Wyniki wyborów 2020. Czeka nas fala protestów? Eksperci wątpią w ich skuteczność

Bojowe zapowiedzi polityków opozycji pojawiły się tuż po ogłoszeniu pierwszych wyników sondażowych wyborów prezydenckich. Zapowiadali, że będą dopatrywać się nieprawidłowości w głosowaniu i składać protesty wyborcze. To samo deklaruje część Polaków głosujących za granicą. Eksperci jednak oceniają, że protesty nie wpłyną na wynik wyborów.

Wyniki wyborów 2020. Politycy opozycji zapowiadają protesty wyborcze
Źródło zdjęć: © PAP
Piotr Barejka

Po ogłoszeniu pierwszych wyników sondażowych wciąż nie było wiadomo, kto wygrał wybory prezydenckie. Wiadomo było jednak, że różnica pomiędzy Andrzejem Dudą a Rafałem Trzaskowskim będzie minimalna. Już wtedy politycy opozycji zapowiadali, że przyjrzą się wszystkim sygnałom o nieprawidłowościach podczas głosowania. I jeśli ich się dopatrzą, to będą składać protesty wyborcze.

- Wiemy o licznych nieprawidłowościach, nie tylko w Polsce, ale też na całym świecie. To, co stało się, jeśli chodzi o głosowanie Polonii, to rzeczywiście wyjątkowy skandal. Setki tysięcy Polaków zostało pozbawionych prawa do głosowania przez tę władzę - mówił Wirtualnej Polsce Cezary Tomczyk, szef sztabu Trzaskowskiego.

Podobnie wypowiadali się w inni sztabowcy. Sławomir Nitras stwierdził, że ma podejrzenia co do przejrzystości liczenia głosów. Również Marcin Kierwiński mówił o "poważnych przesłankach", które zgłaszali mężowie zaufania. - Osoba przychodziła do lokalu wyborczego zagłosować, nagle okazywało się, że nie może podpisać odbioru karty, ponieważ ktoś już wcześniej podpisał. Może to były pomyłki, ja w pomyłki nie wierzę - stwierdził.

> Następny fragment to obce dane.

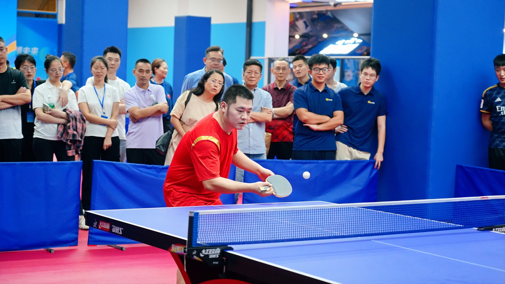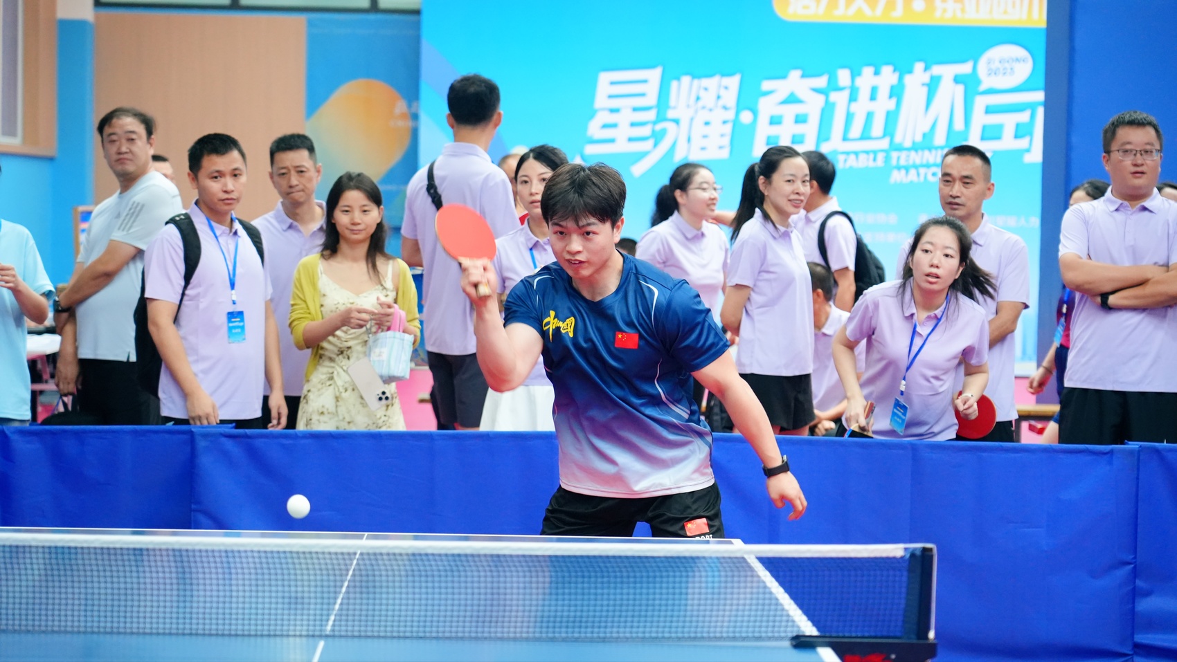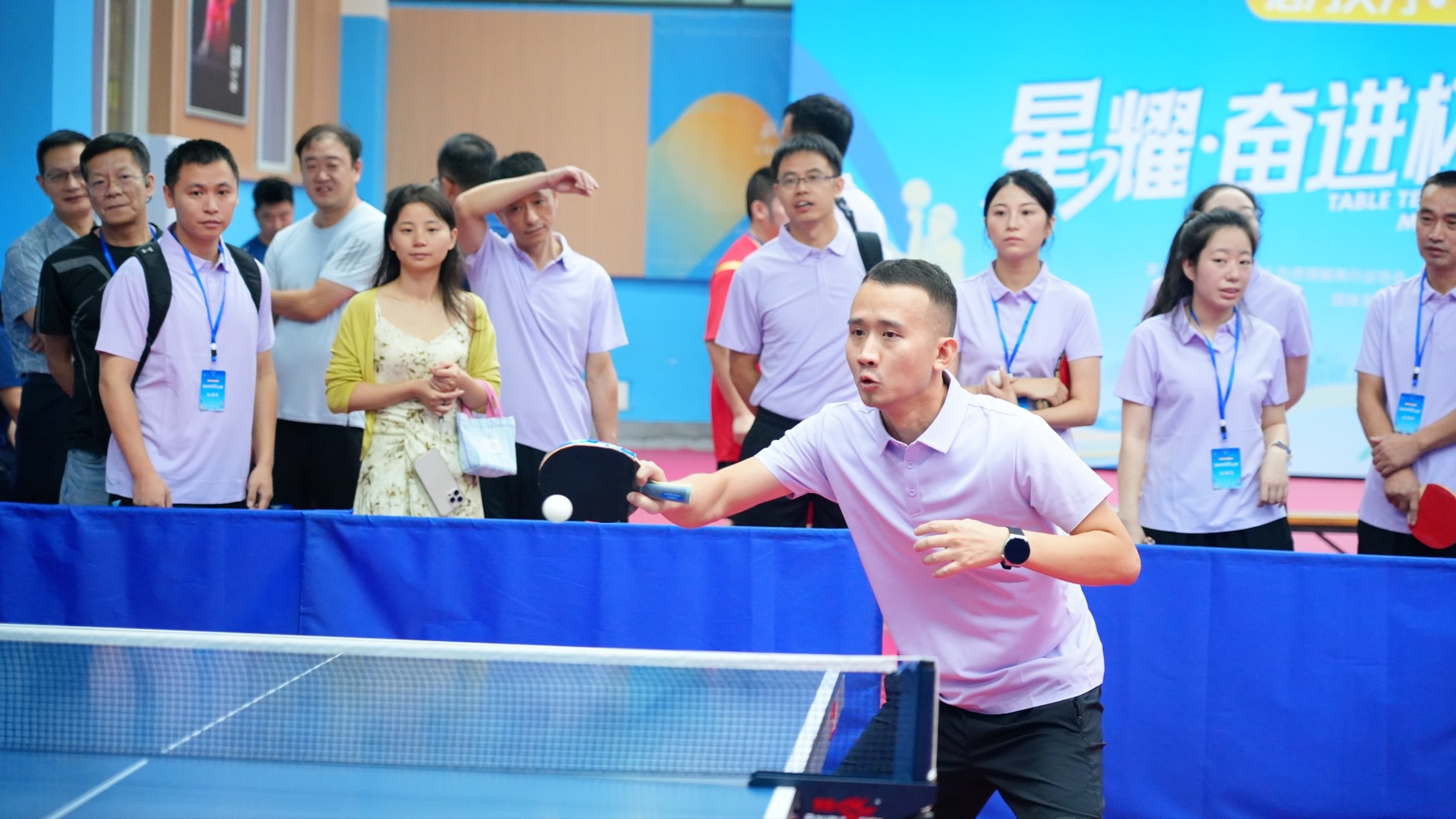 走进比赛场馆,奋勇拼搏的氛围扑面而来。乒乓球在球台上来回穿梭,划出一道道弧线;运动员们眼神专注,削球、推挡、扣杀,每一个动作都彰显“国球”韵味;场边啦啦队呐喊声、欢呼声与乒乓球撞击球台的 “砰砰” 声交织在一起,将赛场气氛推向高潮。

Wyniki wyborów 2020. Czasu na protesty mniej niż zwykle

Prawo do złożenia protestu wyborczego ma każdy uprawniony do głosowania obywatel. Czy jednak w obecnej sytuacji może to coś zmienić? Eksperci mają w tej kwestii wątpliwości. - Jeżeli ktoś uzna, że są przesłanki, to powinien złożyć protest. Ale wątpię, żeby naruszenie przepisów ordynacji, czy przestępstwo przeciwko wyborom, mogło mieć wpływ na wynik wyborów - ocenia w rozmowie z WP profesor Marek Chmaj.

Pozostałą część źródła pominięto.